Workflows with DAGMan
Learn more at : https://htcondor.readthedocs.io/en/feature/users-manual/dagman-workflows.html
DAGMan (Directed Acyclic Graph Manager) is a HTCondor tool that allows multiple jobs to be organized in workflows. This is particularly useful to submit jobs in a particular order, automatically and especially if there is a need to reproduce the same workflow multiples times.
DAGMan submits jobs to HTCondor and is responsible for scheduling, managing dependencies between jobs, and reporting them.
Simple workflow example
Describing Workflows as directed acyclic graphs (DAGs)
A workflow is represented by a DAG (Directed Acyclic Graph) composed of a set of nodes and their dependencies (as Parents-Children) and described by a DAG input file. “Acyclic” aspect requires a start and end, with no loops (i.e. “cycles) in the graph.
A node is a unit of work which contains an HTCondor job and optional PRE and POST scripts than run before and after the job.
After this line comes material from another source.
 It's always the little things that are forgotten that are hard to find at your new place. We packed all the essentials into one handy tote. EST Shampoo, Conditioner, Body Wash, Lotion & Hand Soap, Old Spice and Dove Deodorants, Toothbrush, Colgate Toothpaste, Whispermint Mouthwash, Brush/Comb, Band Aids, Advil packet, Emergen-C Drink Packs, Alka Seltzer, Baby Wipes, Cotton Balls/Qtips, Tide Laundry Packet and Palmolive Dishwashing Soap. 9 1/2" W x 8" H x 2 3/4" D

Dependencies between nodes are described directional connections; each connection has a parent and a child, where the parent node must finish running before the child starts. Any node can have an unlimited number of parents and children.
Basic DAG input file: JOB nodes, PARENT-CHILD directional connections
User must communicate the nodes and directional connections in the DAG input file. A simple diamond-shaped DAG, as shown in the following image is presented as a starting point for examples. This DAG contains 4 nodes.
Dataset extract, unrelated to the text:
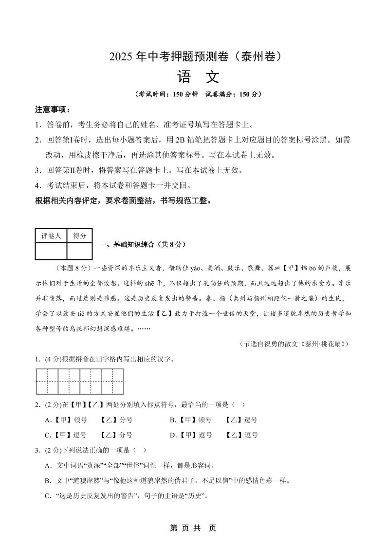语文(泰州卷)

A very simple DAG input file for this diamond-shaped DAG is:
# File name : Test.dag
JOB A A.sub
JOB B B.sub
JOB C C.sub
JOB D D.sub
PARENT A CHILD B C
PARENT B C CHILD D
The scripts A.sub, B.sub, C.sub, D.sub are simple submit files for the four nodes A, B, C, D.
An alternative specification for the diamond-shaped DAG may specify some or all of the dependencies on separate lines:
PARENT A CHILD B C
PARENT B CHILD D
PARENT C CHILD D
Node Job Submit File Contents
Each node in a DAG may use a unique submit description file. DAGMan cannot deal with a submit description file producing multiple job clusters.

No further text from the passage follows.